De modo que el hogar es un espacio de supervisión en la misma medida que lo son
las escuelas, los hospitales y las prisiones. (Alston,
10)
En la
literatura infantil, el niño ve ilustrados aquellos conceptos que posibilitan
su incorporación al mundo de los valores adultos: la familia, el hogar, su
propia infancia como estado paradisíaco, su vulnerabilidad como estado de
inocencia. Estos conceptos son centrales a las obras literarias que se le
prescriben, pero no tienen sus raíces en otras obras del mismo género, sino en
la gran literatura y en el desarrollo mismo de la cultura occidental.

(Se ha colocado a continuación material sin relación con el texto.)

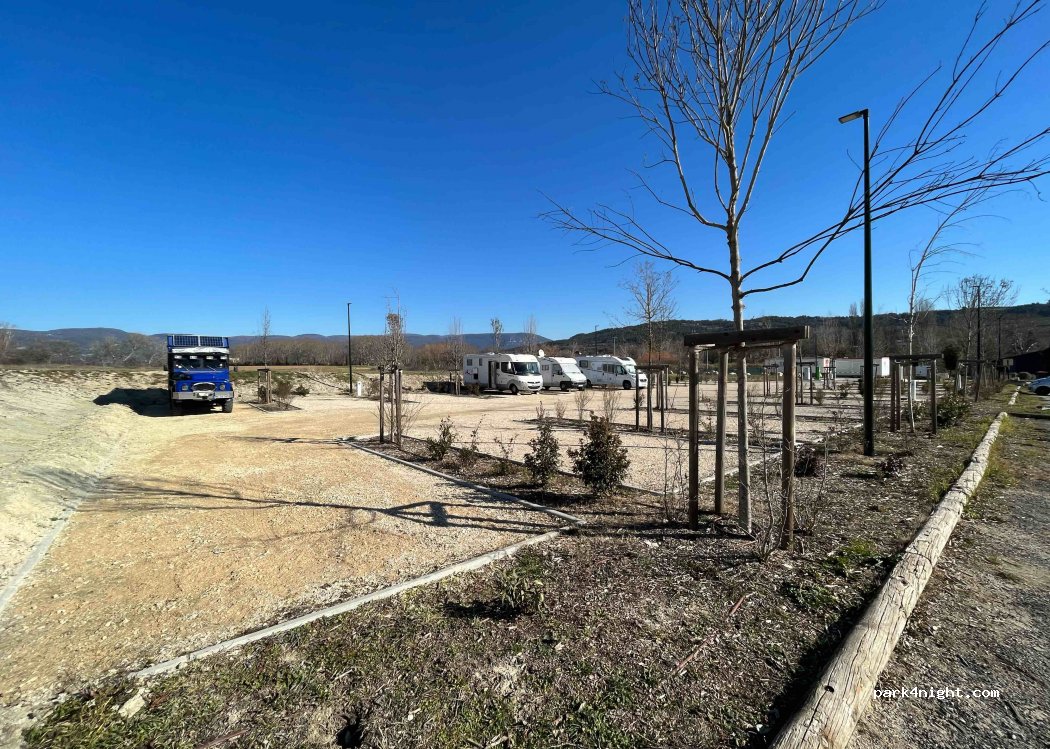 Aire au bord de l'eau à Apt (84). Aire sans caractère particulier. Son principal atout est son positionnement près d'une base de loisirs et parcours sportif. Emplacements pas très larges, délimités, sur sol stabilisé. Plutôt calme jours et nuits.

Ciertamente, el ideal de la infancia, que instauró la imagen del niño como
intrínsecamente inocente, tiene sus raíces en las obras de William Wordsworth y
Jean Jaques Rousseau. De acuerdo con el dogma cristiano, a causa del pecado
original, el ser humano nace como un ser caído cuya aspiración será alcanzar la
redención a través de la Gracia, que se alcanza durante el proceso de
socialización. De acuerdo con Wordsworth y Rousseau es al contrario: el ser
humano nace puro, “arrastrando nubes de gloria” (Wordsworth), pero el proceso
de socialización destruirá su inocencia convirtiéndolo en un ser caído.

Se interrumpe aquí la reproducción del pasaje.